A simple Contact form with PHP
A simple secure PHP form-to-email script, which web browsers and bots can't get to! You can use it for multiple fields, without making any changes to the script.
Requirements:
- A source code editor
- PHP installed on your server.
Example:
Step 1:
Copy and paste the PHP code below in a source code editor and save it as FormToEmail.php. Please don't remove the Copyright notice!
<?php
/*COPYRIGHT FormToEmail.com 2003 - 2006
You are not permitted to sell this script, but you can use it, copy it or distribute it, providing that you do not delete this copyright notice, and you do not remove any reference to FormToEmail.com*/
$my_email = "YourName@YourSiteName.com";
$continue = "/";
// Initialise variables
$errors = array();
if($_SERVER['REQUEST_METHOD'] == "POST"){$form_input = $_POST;}elseif($_SERVER['REQUEST_METHOD'] == "GET"){$form_input = $_GET;}else{exit;}
// Remove leading whitespace from all values.

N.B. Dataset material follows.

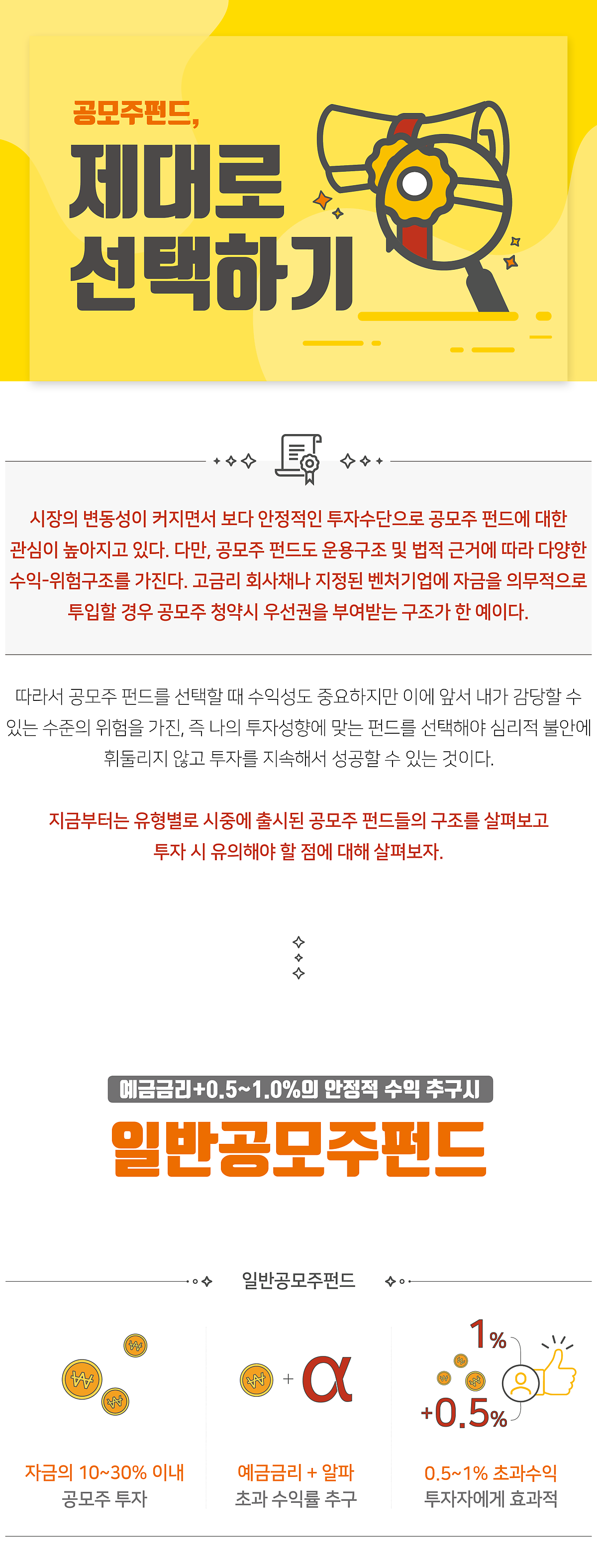 공모형 공모주펀드는 약관상 자금의 10~30% 이내만큼 공모주에 투자하여 ‘예금금리 +알파’의 초과 수익률을 추구한다. 평소 국공채 등 안정적인 채권으로 굴리다가 IPO가 있을 때만 잠깐 투자하고는 대부분 주식시장 상장 첫날 또는 보호예수(Lock-up) 기간 만료 시점에 즉시 팔아버리는 식으로 운용되기 때문에 통상 주식 편입비중이 상당히 낮다.

function recursive_array_check(&$element_value)
{
if(!is_array($element_value)){$element_value = ltrim($element_value);}
else
{
foreach($element_value as $key => $value){$element_value[$key] = recursive_array_check($value);}
}
return $element_value;
}
recursive_array_check($form_input);
// Check referrer is from same site.
if(!(isset($_SERVER['HTTP_REFERER']) && !empty($_SERVER['HTTP_REFERER']) && stristr($_SERVER['HTTP_REFERER'],$_SERVER['HTTP_HOST']))){$errors[] = "You must enable referrer logging to use the form";}
// Check for a blank form.
function recursive_array_check_blank($element_value)
{
global $set;
if(!is_array($element_value)){if(!empty($element_value)){$set = 1;}}
else
{
foreach($element_value as $value){if($set){break;} recursive_array_check_blank($value);}
}
}
recursive_array_check_blank($form_input);
if(!$set){$errors[] = "You cannot send a blank form";}
// Strip HTML tags from all fields.
function recursive_array_check2(&$element_value)
{
if(!is_array($element_value)){$element_value = strip_tags($element_value);}
else
{
foreach($element_value as $key => $value){$element_value[$key] = recursive_array_check2($value);}
}
return $element_value;
}
recursive_array_check2($form_input);
// Validate name field.
if(isset($form_input['name']) && !empty($form_input['name']))
{
if(preg_match("`[\r\n]`",$form_input['name'])){$errors[] = "You have submitted an invalid new line character";}
if(preg_match("/[^a-z' -]/i",stripslashes($form_input['name']))){$errors[] = "You have submitted an invalid character in the name field";}
}
// Validate email field.
if(isset($form_input['email']) && !empty($form_input['email']))
{
if(preg_match("`[\r\n]`",$form_input['email'])){$errors[] = "You have submitted an invalid new line character";}
if(!preg_match('/^([a-z][a-z0-9_.-\/\%]*@[^\s\"\)\?<>]+\.[a-z]{2,6})$/i',$form_input['email'])){$errors[] = "Email address is invalid";}
}
// Display any errors and exit if errors exist.
if(count($errors)){foreach($errors as $value){print "$value<br>";} exit;}
// Build message.
function build_message($request_input){if(!isset($message_output)){$message_output = "";}if(!is_array($request_input)){$message_output = $request_input;}else{foreach($request_input as $key => $value){if(!is_numeric($key)){$message_output .= "\n\n".$key.": ".build_message($value);}else{$message_output .= "\n\n".build_message($value);}}}return $message_output;}
$message = build_message($form_input);
$message = $message . "\n\n-- \nThank you for using FormToEmail from http://FormToEmail.com";
$message = stripslashes($message);
$subject = "FormToEmail Comments";
$headers = "From: " . $form_input['email'] . "\n" . "Return-Path: " . $form_input['email'] . "\n" . "Reply-To: " . $form_input['email'] . "\n";
mail($my_email,$subject,$message,$headers);
?>
<!DOCTYPE HTML PUBLIC "-//W3C//DTD HTML 4.01 Transitional//EN">
<html>
<head>
<title>Form To Email PHP script from FormToEmail.com</title>
<meta http-equiv="Content-Type" content="text/html; charset=iso-8859-1">
</head>
<body bgcolor="#ffffff" text="#000000">
<div>
<center>
<b>Thank you <?php print stripslashes($form_input['name']); ?></b> <br>
Your message has been sent
<p><a href="<?php print $continue; ?>">Click here to continue</a></p>
<p><b>FormToEmail</b> by <a href="http://FormToEmail.com">FormToEmail.com</a></p>
</center>
</div>
</body>
</html>
Step 2:
Change line $my_email = "YourName@YourSiteName.com"; and fill in your E-mail address.
Upload the files to you're server and you're done!